1 General Description: This is an personal search engine developed with C++. And used some feature of boost, like asio, tokenizer, serialization. This search engin support some simple but important features like pages crawling, posting index establishing and key word querying. And I also specially developed a simple and reliable thread pool which is class template supporting different types of jobs. More features will developed in the future, as I learn more on search engine and related natural language processing.

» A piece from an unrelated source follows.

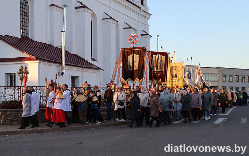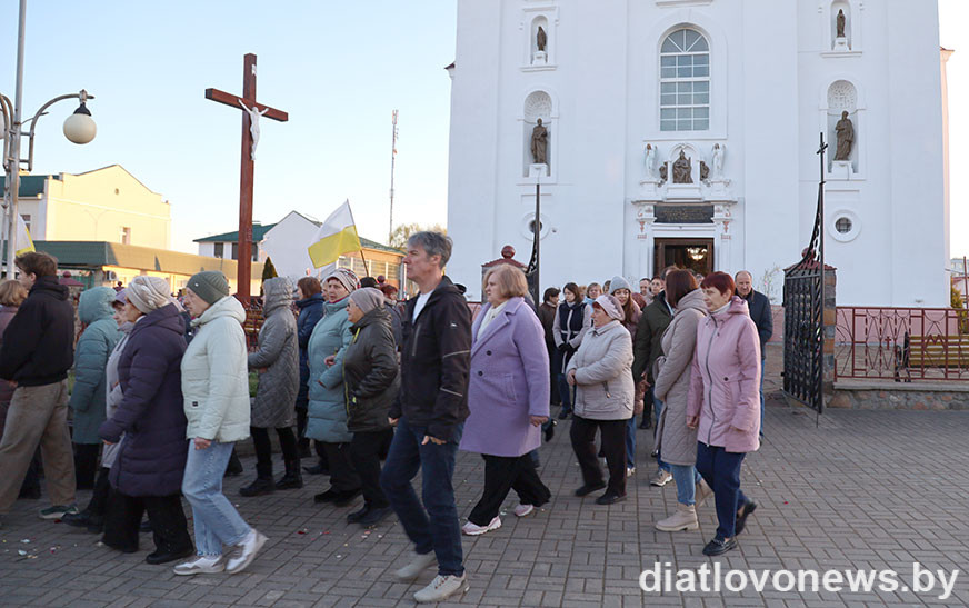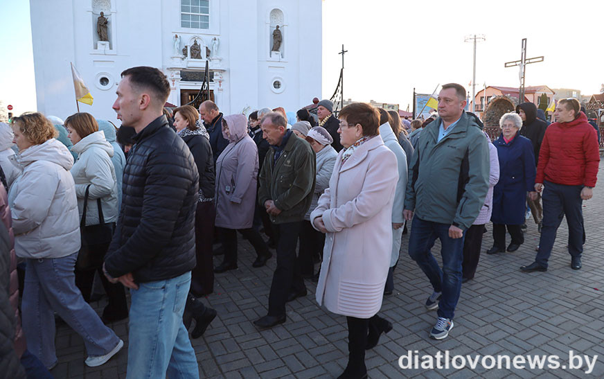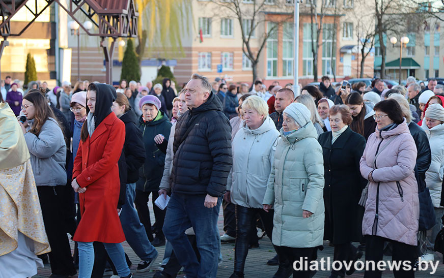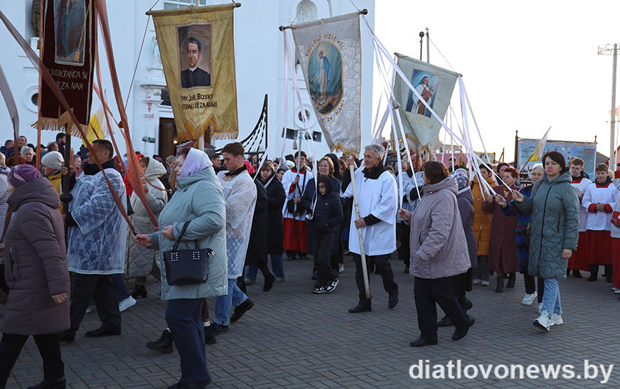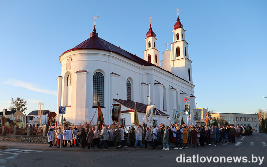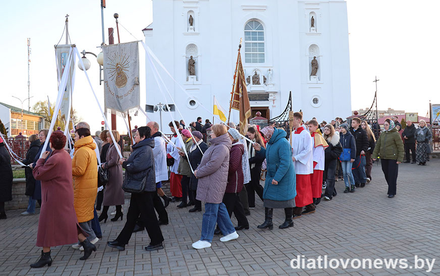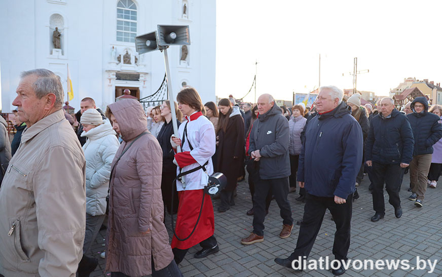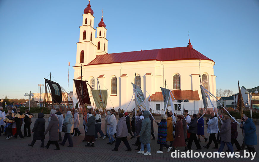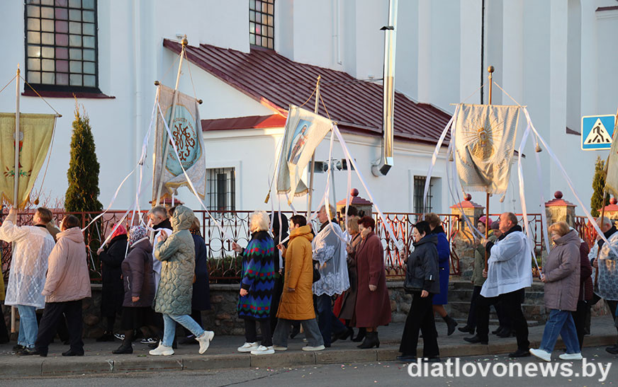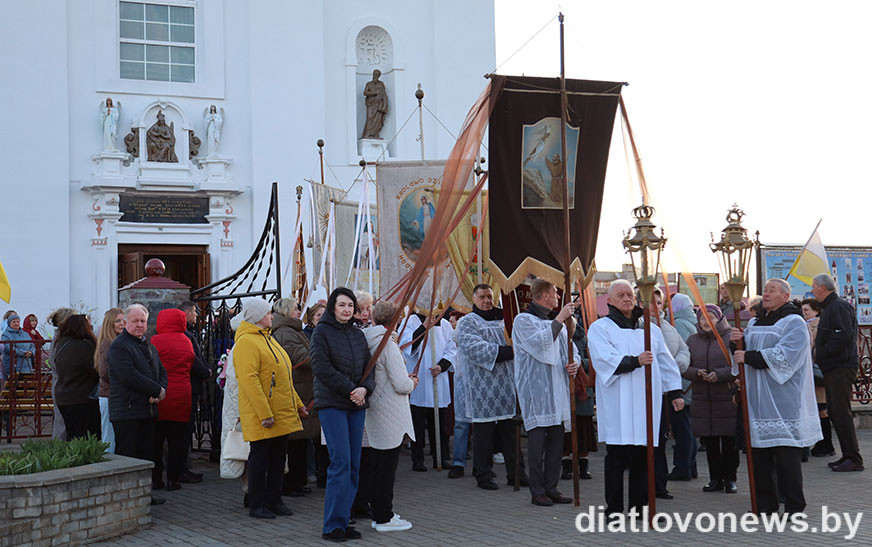 У час шэсця, якое пачалося на досвітку, дзятлаўскія вернікі са Святымі Дарамі тройчы абышлі касцёл, малітвамі і песнапеннямі праслаўляючы Светлае Хрыстова Уваскрэсенне.

2 Files Description: //yx PART I. Source files of the thread pool, crawler and Indexer. --ThreadPool.h --ThreadPool.cpp --Crawler.h --Crawler.cpp --Indexer.h --Indexer.cpp
PART II Test example files of the thread pool, crawler and Indexer. --ThreadPoolTest.cpp --CrawlerTest.cpp --IndexerTest.cpp
PART III Executable binary files. If you have not installed the needed boost library, it may not run as expected. --CrawlerTest --IndexerTest
PART IV Output files of the crawler and indexer during run. Including a depository of pages crawled from www.boost.org, serialized posting index(.idx) and doc set(.dst). --Sat_Aug_24_15_48_12_2013_crawled --Sat_Aug_31_21_02_09_2013_indexed.idx --Sat_Aug_31_21_02_09_2013_indexed.dst
3 Build Description: Because this program used some feature of boost, like asio, tokenizer, serialization. So if you want to build the source code you may need install a boost library first. The boost version used in the developing is 1.54.0. Here just give the simple g++ command line when build the three examples for reference.
//ThreadPoolTest.cpp g++ ThreadPool.h ThreadPoolTest.cpp -o ThreadPoolTest -lpthread
//Note that threadPool.h is not a ordinary header file. It's a combination source file of class template.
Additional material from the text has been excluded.